Um novo conceito de módulos de velocidade nas redes bioquímicas pode revolucionar a compreensão de como essas redes funcionam. Os cientistas conseguiram conectar redes químicas orgânicas por meio de módulos dinâmicos da Universidade Potsdam de Golm e do Instituto Max Planck de fisiologia das plantas moleculares, explicitamente explicitamente explicitamente explicitamente explicitamente a questão da biologia. Suas pesquisas inovadoras foram publicadas na revista hoje “Progresso na ciência.”
As redes bioquímicas são uma unidade central de processamento de uma célula que permite processar os sinais e converter moléculas em blocos de construção que suportam a funcionalidade da célula. Eles são descritos pela estrutura e mobilidade das reações químicas nas células.

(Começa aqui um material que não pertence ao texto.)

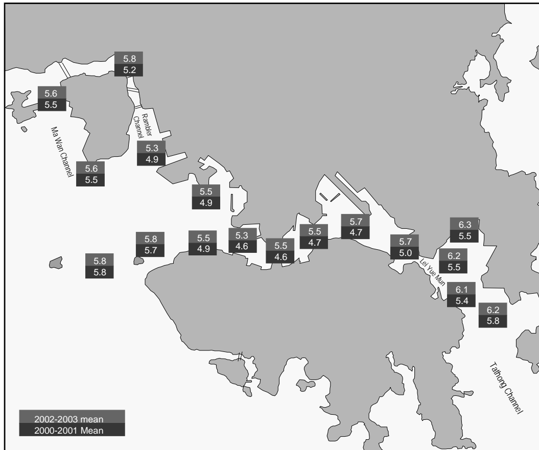
Figure 2 Map showing changes in dissolved oxygen (mg/L) at 17 stations in the HATS enhanced monitoring (comparison of mean difference between Jan 2002 – Dec 2003 and Jan 2000 – Dec 2001)
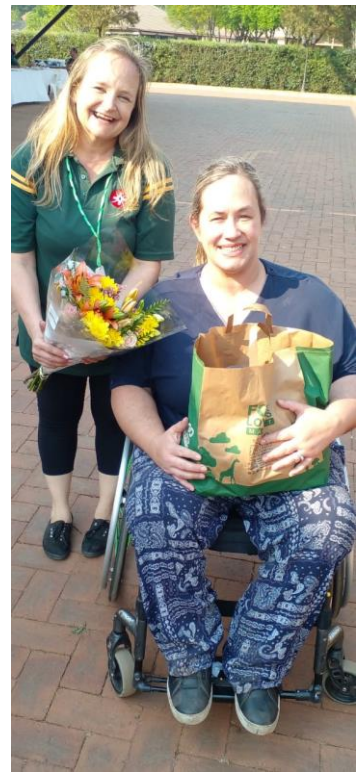
Scenes from the Ramcat Fishing Competition that took place at the Irene Country Club in Centurion.
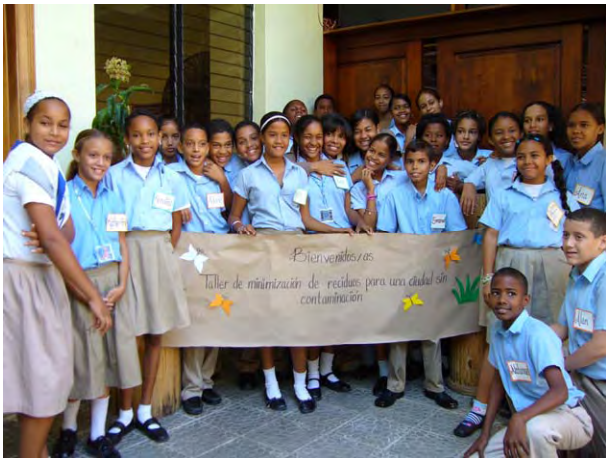
Participating students of experimental workshop San José School
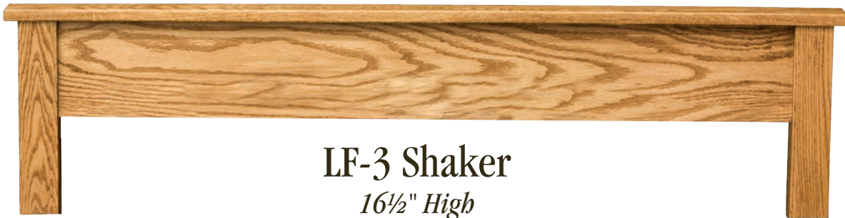
LF-3 Shaker 16½" High

Essas redes foram divididas em módulos funcionais usando a estrutura da rede usando métodos bioinformáticos. Os módulos dinâmicos são um tipo de módulo funcional que é cultivado devido à interp da estrutura e dinâmica da rede. “Queríamos saber como os módulos dinâmicos nas redes bioquímicas determinam a densidade do metabolismo e determinam os efeitos dessas redes”, Joan Nicholoski e Max, professor de bioinformática da Universidade de Potsdam, explicou um grupo co -operatório no Instituto de Plantas. A visão refere -se à capacidade de uma rede de manter a concentração constante de produtos metabólicos em qualquer alteração no ambiente. Garante a sobrevivência e o crescimento de uma célula em diferentes flutuações ambientais. A perda de visão na densidade de certa metabolismo é considerada as características de muitas doenças.

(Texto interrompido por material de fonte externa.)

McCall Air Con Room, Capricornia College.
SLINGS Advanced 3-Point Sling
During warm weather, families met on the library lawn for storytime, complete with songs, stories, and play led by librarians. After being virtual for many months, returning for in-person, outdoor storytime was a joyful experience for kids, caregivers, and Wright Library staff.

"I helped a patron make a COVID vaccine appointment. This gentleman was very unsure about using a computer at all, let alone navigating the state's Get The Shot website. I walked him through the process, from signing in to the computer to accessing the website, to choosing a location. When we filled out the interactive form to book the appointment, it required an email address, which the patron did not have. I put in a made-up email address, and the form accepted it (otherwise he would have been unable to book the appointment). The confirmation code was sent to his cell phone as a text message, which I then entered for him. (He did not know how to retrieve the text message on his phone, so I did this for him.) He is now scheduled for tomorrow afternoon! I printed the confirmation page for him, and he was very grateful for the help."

Usando um novo conceito de módulos de velocidade com base na conexão de velocidade da taxa de resposta, a equipe analisou 34 modelos de rede metabólica de 26 organismos diferentes com plantas modelo ArbidopsisBactéria Eles mostram legalE fungo modelo SacrameciaCom o conceito de módulos dinâmicos, os pesquisadores foram capazes de conectar com sucesso a estrutura e a dinâmica das redes bioquímicas e, assim, esclareceram a questão da biologia aberta por três décadas.

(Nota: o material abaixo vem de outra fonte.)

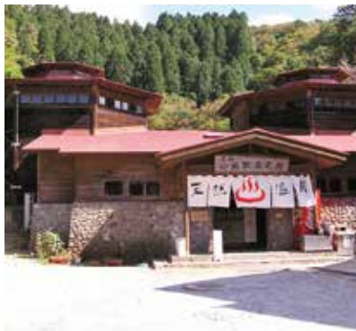
Kojigoku Onsen, Unzen City 云仙市小地獄温泉

A popular onsen resort in summer for its cool climate, Unzen Hot Springs offers refreshing relaxation at its 700-meter altitude, surrounded by 1,000-meter-high mountains including Mt. Unzen.

“Nossos resultados têm um amplo impacto nas aplicações biotecnológicas e de tratamento”, diz Nicholoski. “Esperamos que a identificação automatizada dos módulos possa ser usada para entender a relação da relação entre as relações entre os reguladores, sinais e redes metabólicas e os princípios que se estendem além da estrutura da rede”.